Task directions: Please write out only the lines from the one containing "Затем переходим к" through the last line of the listing. Do not include pictures.

================================

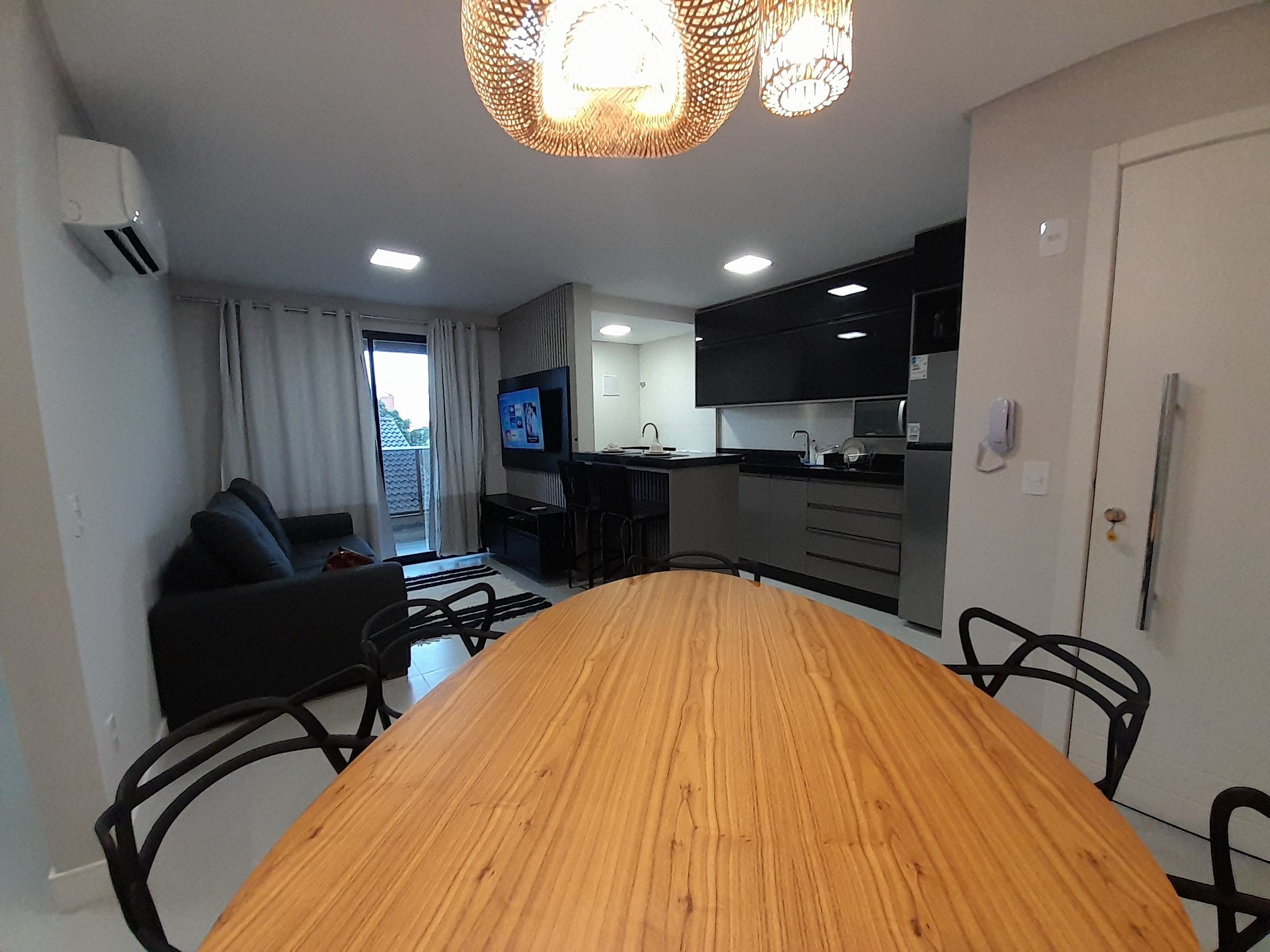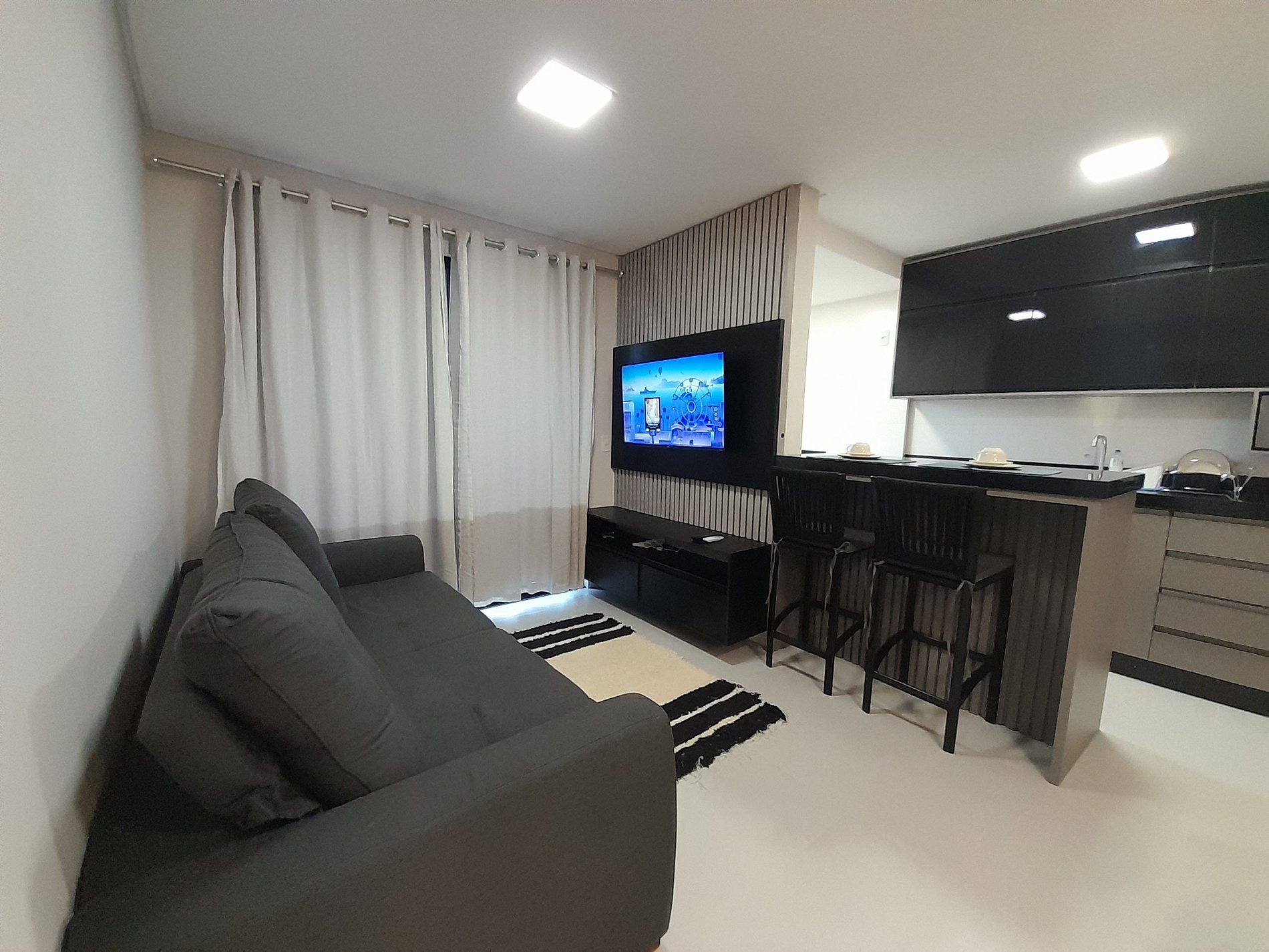 Sala com tv smart e cozinha equipada, mesa de jantar
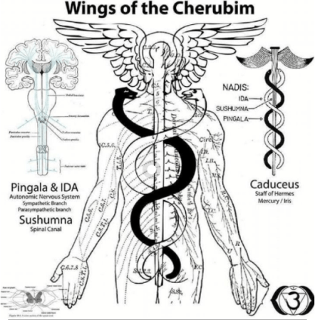 The Creation of Adam/ The Creation of Eve? Satan Exulting over Eve/Elohim Exulting over Adam? Left to Right/ Right to Left? “What was the nature of the serpent? Mystics intuitionally see in the serpent of Genesis an animal emblem and a high spiritual essence: a cosmic force superintelligent, a ‘great fallen light,’ a spirit sidereal, aerial and tellurian at the same time, ‘whose influence circumambulates the globe’.” The esoteric doctrine suggests that good and evil are profoundly intermixed and interdependent, rooted in the same source or entity. It depends on how you look at it: the idea of “contraries” – embodied in the double helix of the Brazen Serpent or Caduceus of Mercury/Moses which both devours and preserves, kills and heals, poisons and remedies. In cultures which forced a Cartesian separation of this one energy into two opposing beings (and believing in the triumph of one of them over the other), such ideas were blasphemous – hence in part the use of coded symbolism.
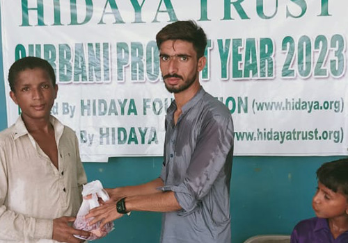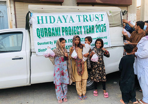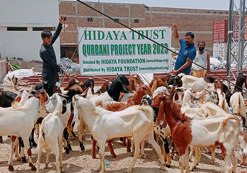 With the Blessings of Allah, this year, Hidaya Foundation arranged 5,563 shares of Qurbani on behalf of our donors (4,627 ox/buffalo shares or 661 ox/buffalo, and 936 goats/sheep). Additionally we arranged for 65 ox/buffalo to be sacrificed as Sadaqah (455 shares) so that more poor may benefit during Eid celebrations, especially those affected by floods in Pakistan.
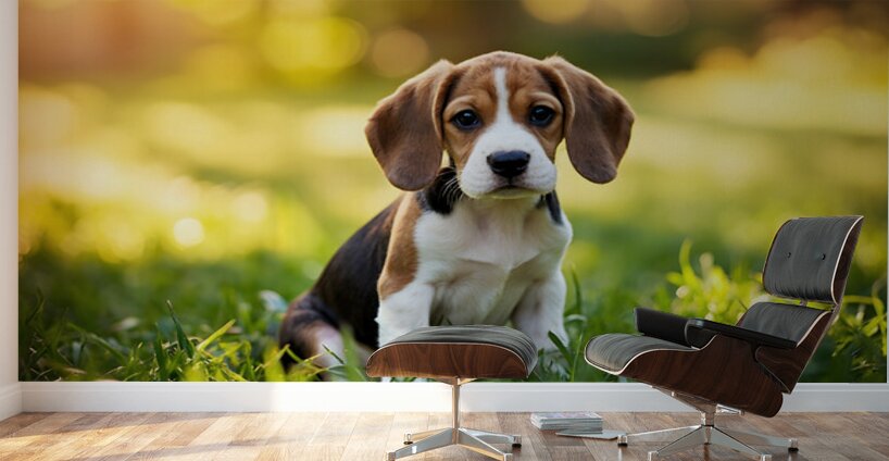 A curious young beagle puppy with distinctive tri-color markings sits on lush green grass in a bright backyard setting. The small dog appears confused and alert beginning to turn around as if detecting something mysterious following behind. Digital Artwork.
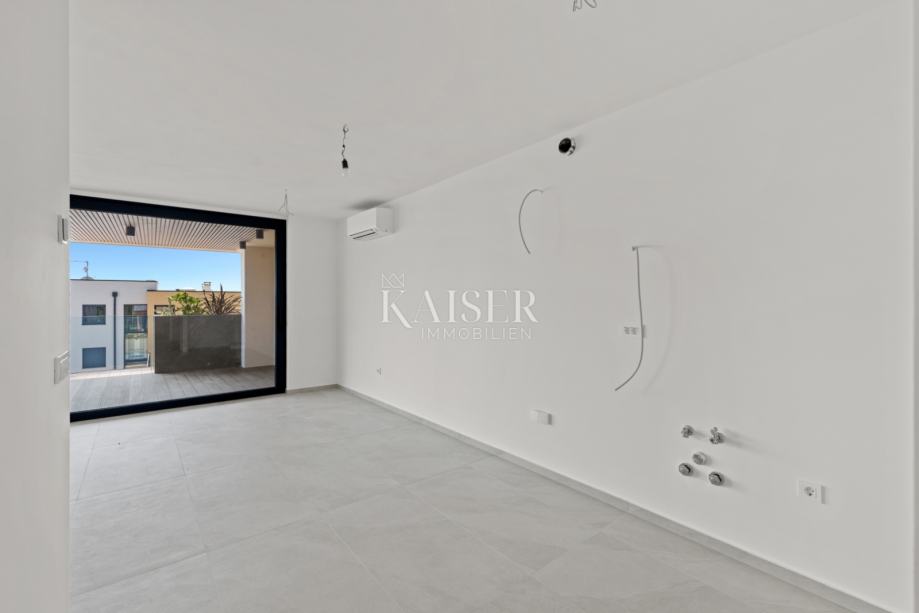 Stan APL Kaiser Immobilien ponuja v prodajo luksuzno novogradnjo v Novigradu, le 800 m od morja, lepih plaž in starega mestnega jedra. Novigrad je dobro povezan z vsemi deli Istre, pa tudi s sosednjimi državami in je oddaljen le 5 minut vožnje po avtocesti. Gradnja vključuje 2 ločeni stavbi s skupno 16 stanovanji. Oba objekta se razprostirata v 3 etažah. in imajo pogled na morje. Parkirni prostor je zagotovljen s 24 pokritimi parkirnimi mesti in shrambo za vsako stanovanje. Objekti bodo opremljeni z dvigalom, videonadzorom vhodnega prostora in kolesarnico. Ta vrhunska stanovanja v elitnem delu Novigrada bodo opremljena z vrhunsko italijansko keramiko, ki se odlično poda k vsakemu dizajnu, s prvovrstnim hrastovim parketom pa bo celotna zgodba dobila končni, glamurozni stil. Vgrajujejo se stranišča Catalano Italy 52 s sistemom soft close, umivalnik Inda Village z armaturo za umivalnik Paffoni Light, armatura za tuš Paffoni Light z dežnim efektom in ročajem ter vrata za tuš kabino Novellini Kali 2P. -Okna in panoramske zastekljene stene so izdelane iz kvalitetnih PVC/ALU profilov z dvojno izo steklom, z aluminijastimi polkni na električni pogon. Skladiščni prostori so opremljeni z mehanskim in naravnim prezračevanjem, prvovrstno keramiko, stene ometane in pleskane s poldisperzijsko barvo. Garaže in parkirna mesta bodo imela glavno vhodno rampo z daljinsko vodenim elektromotorjem, pripravo za polnilnice električnih vozil, video nadzor ter varnostna in protipožarna vhodna vrata, ki povečujejo stopnjo varnosti in zagotavljajo mir. Urejanje okolice je predvideno z zasaditvijo mediteranskih rastlin in dreves, ki bodo celoten projekt povzdignili na višjo raven hortikulturne ureditve te čudovite mediteranske rezidence za naše bodoče kupce. Za pritlična stanovanja in predvsem za vse skupne prostore objekta je vgrajen avtomatski namakalni sistem. Odsek za pešce in vozila bo tlakovan, vgrajena bo meteorna kanalizacija. Talno ogrevanje v celotnem stanovanju in DAIKIN multi split sistem ogrevanja in hlajenja za vsako sobo. Daljinsko upravljanje ogrevalnega in hladilnega sistema preko pametnega telefona. PVC obloga na terasah in obloga stropa terase z letvami. To čudovito stanovanje se nahaja v pritličju. Bivalna površina stanovanja je 81,80m2, ki obsega predsobo, dnevno sobo in kuhinjo, 2 spalnici, 2 kopalnici in shrambo/shrambo, kjer lahko postavite pralni in sušilni stroj ter ostale gospodinjske aparate, ki jih uporabljate vsak dan. Apartma ima pokrito teraso 21,20m2 z zunanjo kuhinjo in prostorom za veliko mizo. Stanovanju pripada tudi 122m2 dvorišča. Stanovanju pripada tudi shramba 4,80m2 in parkirno mesto 12,5m2. Dela so se že začela marca 2024, ta luksuzni projekt pa bo predvidoma pripravljen za vas maja 2025. Ne zamudite priložnosti, da postanete del tega očarljivega obalnega raja, ki še nastaja. Kupec je oproščen plačila davka na nepremičnine v višini 3%. Navedena cena 564.000,00 eur z DDV se nanaša na kvadraturo z vključenimi količniki. Agencijska provizija znaša 3% + DDV Oddaljenost: Letališče Pula - 80 km Ljubljana - 136 km München - 537 km Dunaj - 518 km Praga - 844 km Za dodatne informacije in ogled se obrnite na vašega agenta na e-mail: dean.cvitko@kaiser-immobilien.hr ali telefonsko številko: 00385 91 5284449
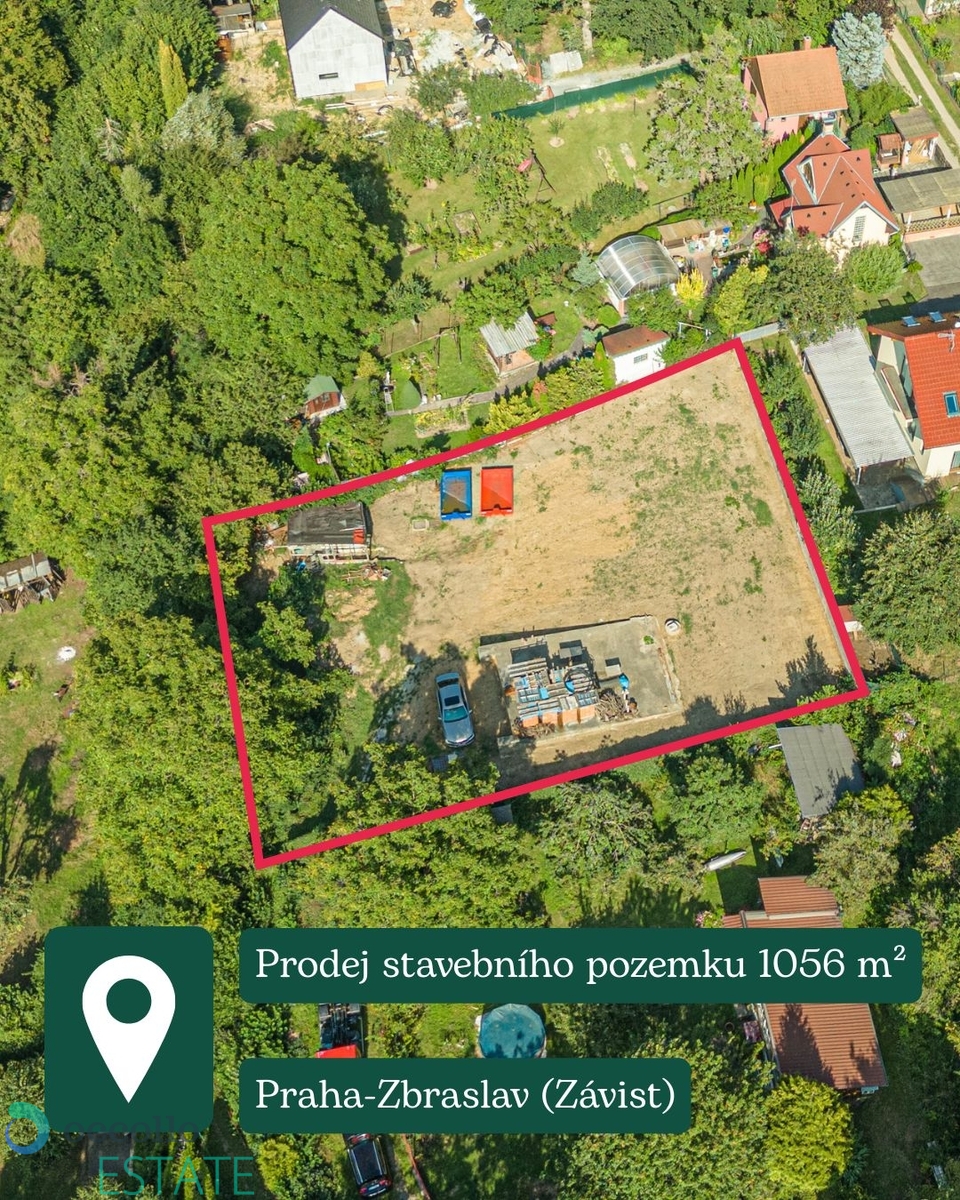 Nabízím k prodeji stavební pozemek o celkové výměře 1056 m² v atraktivní a klidné lokalitě Praha-Zbraslav, katastrální území Zbraslav – Závist, který se nachází na konci slepé ulice, v oblasti obklopené rodinnými domy, chatami a krásnými lesy. Lokalita nabízí nádherný výhled a výjimečný klid – ideální pro rodinné bydlení. Momentálně je cena za m2 je pouze 12.775 Kč, přičemž pozemky na Zbraslavi přesahují cenu 15.000/m2.
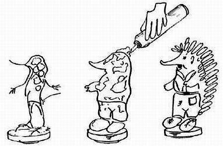 Затем переходим к формовке туловища ежика. В целях экономии пенофлекса каркас стоит предварительно наполнить кусочками поролона или скомканной бумагой. Не стремитесь за один раз четко выдержать выбранный размер фигуры, помня, что на финишном этапе нужно будет закреплять «иголки» ежика из желудей или сосновых шишек. Кроме того, пенофлекс, застывая, резко увеличивается в объеме. Сохнет пена довольно быстро, и чтобы успеть «вмазать» в туловище и голову ежика шишки или желуди, держите их под рукой, подобранных по размеру, отсортированных по качеству и цвету. Крепите шишки на четверть или треть их длины «по шерсти», чтобы ваш зверек не казался взъерошенным.
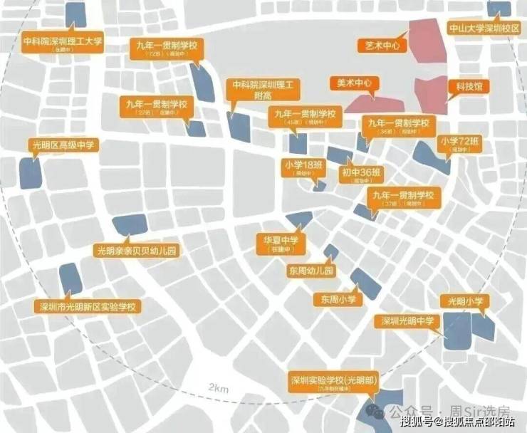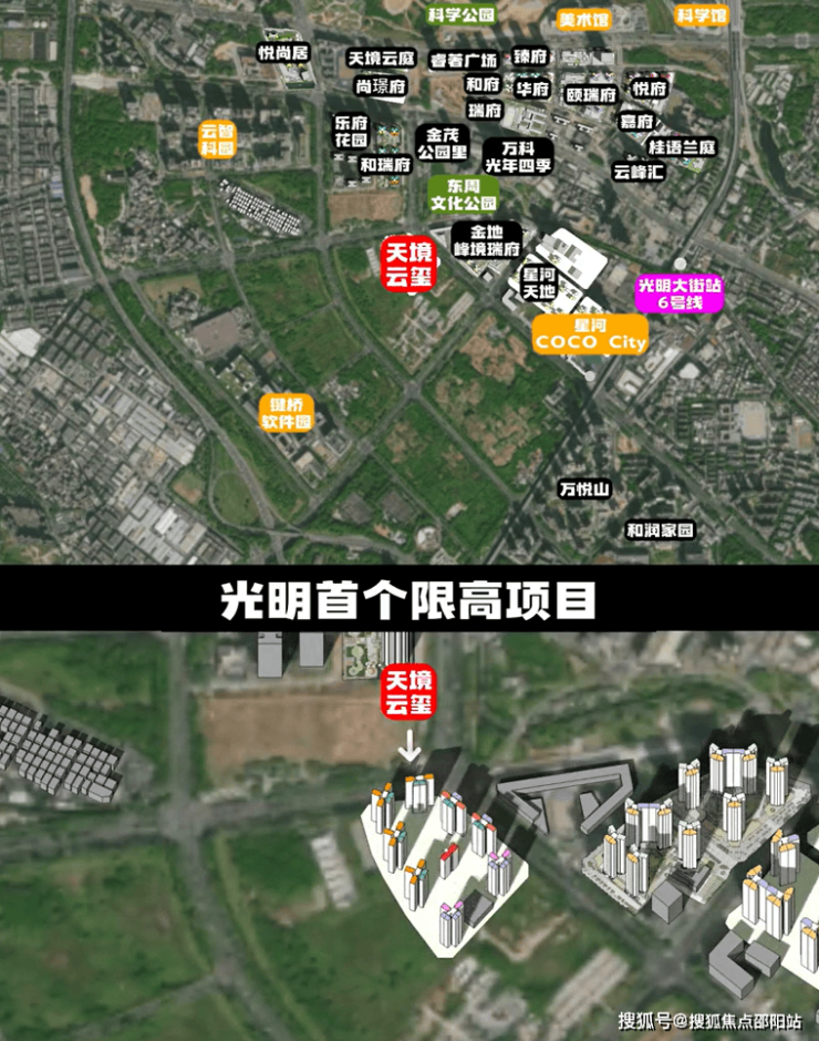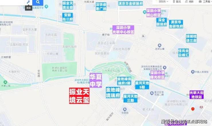 振业天境云庭,位于深圳光明中心区核心腹地,华夏路与周家大道交汇处,紧邻华夏中学,坐拥科学公园绿轴景观。项目所在区域原为工业用地,经规划调整后转型为低密度居住区,容积率仅3.1,远低于周边竞品。北侧为东周文化公园、国防教育主题公园及木墩村公园,东侧紧邻东周小学等优质教育资源,西侧与南侧为待开发空地,保证了开阔的景观视野和低密度居住体验。项目处于光明科学城规划的"产业转化区"与"生活服务中心"交汇处,直接受益于科学城人才导入和区域价值提升。

================================

Output of the exercise:
 Затем переходим к формовке туловища ежика. В целях экономии пенофлекса каркас стоит предварительно наполнить кусочками поролона или скомканной бумагой. Не стремитесь за один раз четко выдержать выбранный размер фигуры, помня, что на финишном этапе нужно будет закреплять «иголки» ежика из желудей или сосновых шишек. Кроме того, пенофлекс, застывая, резко увеличивается в объеме. Сохнет пена довольно быстро, и чтобы успеть «вмазать» в туловище и голову ежика шишки или желуди, держите их под рукой, подобранных по размеру, отсортированных по качеству и цвету. Крепите шишки на четверть или треть их длины «по шерсти», чтобы ваш зверек не казался взъерошенным.
 振业天境云庭,位于深圳光明中心区核心腹地,华夏路与周家大道交汇处,紧邻华夏中学,坐拥科学公园绿轴景观。项目所在区域原为工业用地,经规划调整后转型为低密度居住区,容积率仅3.1,远低于周边竞品。北侧为东周文化公园、国防教育主题公园及木墩村公园,东侧紧邻东周小学等优质教育资源,西侧与南侧为待开发空地,保证了开阔的景观视野和低密度居住体验。项目处于光明科学城规划的"产业转化区"与"生活服务中心"交汇处,直接受益于科学城人才导入和区域价值提升。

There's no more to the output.